Although an example of a polycrystalline thin film that may be applied to a two-dimensional NAND flash memory device is shown in FIGS. 4 to 6 , embodiments of the present disclosure are not limited thereto. For example, polycrystalline thin films according to embodiments of the present disclosure may be applied to three-dimensional semiconductor devices. For example, a three-dimensional semiconductor device may include a plurality of memory cells stacked in a series configuration in a memory cell string extending in a third direction perpendicular to the plane of the first and second directions D1 and D2 shown in FIG. 4 . .

7A to 7C are perspective views illustrating a three-dimensional semiconductor device according to an embodiment of the present disclosure.

FIG. 7A shows a perspective view of a semiconductor device having a U-shaped memory string UCST.

Referring to FIG. 7A , the U-shaped memory string UCST may include memory cells, pipe transistors, and selection transistors arranged along pillars PL formed in a U-shape. The cell gates of the memory cells and the selection gates of the selection transistors may be coupled to the conductive patterns CP1 to CPn.

The pillar PL may include a horizontal part HP, a first vertical part PP1 and a second vertical part PP2 embedded in the pipe gate PG. The first vertical part PP1 and the second vertical part PP2 may extend from the horizontal part HP.

The pillar PL may be electrically coupled between the source line SL and the bit line BL. The bit line BL and the source line SL are disposed in different layers and spaced apart from each other. For example, the source line SL may be disposed under the bit line BL. The source line SL may be electrically coupled to the upper end of the first vertical portion PP1. The bit line BL may be electrically coupled to the upper end of the second vertical portion PP2. Contact plugs CT may be disposed between the source line SL and the first vertical portion PP1 and between the bit line BL and the second vertical portion PP2.

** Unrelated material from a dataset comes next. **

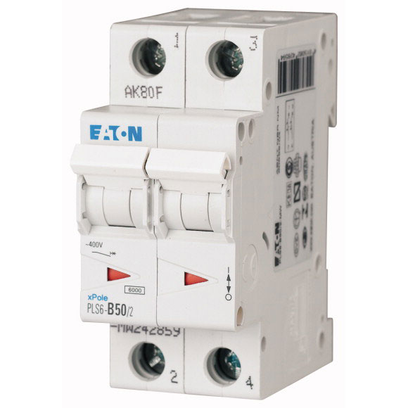 PLS6-C50/2-MW Xpole Interruptor automático termomagnético (disyuntor MCB). 2 polo(s). Corriente nominal: 50A. Curva de disparo: tipo C. Capacidad interruptiva de acuerdo a IEC/EN 60898-1: 6kA, IEC 60947-2: 10kA. Tensión nominal: 230/400VCA y 48VCD por polo. Montaje en riel DIN IEC/EN60715. Grado de protección: IP20.

The conductive patterns CP1 to CPn may be disposed in n layers spaced apart from each other under the bit line BL and the source line SL. The conductive patterns CP1 to CPn may include source-side conductive patterns CP_S and drain-side conductive patterns CP_D.

The source side conductive patterns CP_S may surround the first vertical part PP1 and may be stacked spaced apart from each other. The source-side conductive pattern CP_S may include source-side word lines WL_S and one or more source selection lines SSL. The source selection line SSL may be disposed over the source side word line WL_S. For example, the source selection line SSL may be configured with the nth pattern CPn disposed in the uppermost layer of the source side conductive pattern CP_S and the (n-1)th pattern CPn-1 disposed under the nth pattern CPn.

The drain side conductive patterns CP_D may surround the second vertical portion PP2 and may be stacked spaced apart from each other. The drain side conductive pattern CP_D may include a drain side word line WL_D and one or more drain selection lines DSL. The drain selection line DSL may be disposed over the drain side word line WL_D. The drain selection line DSL may be configured with the nth pattern CPn disposed in the uppermost layer of the drain side conductive pattern CP_D and the (n-1)th pattern CPn-1 disposed under the nth pattern CPn.

The source-side conductive patterns CP_S and the drain-side conductive patterns CP_D may be separated from each other by slits SI formed therebetween.

The pipe gate PG may be disposed under the source-side conductive pattern CP_S and the drain-side conductive pattern CP_D, and may be formed to surround the horizontal portion HP.

The memory layer ML may be formed along the outer surfaces of the pillars PL. The memory layer ML may include a tunnel insulating layer surrounding the pillar PL, a data storage layer surrounding the tunnel insulating layer, and a blocking insulating layer surrounding the data storage layer.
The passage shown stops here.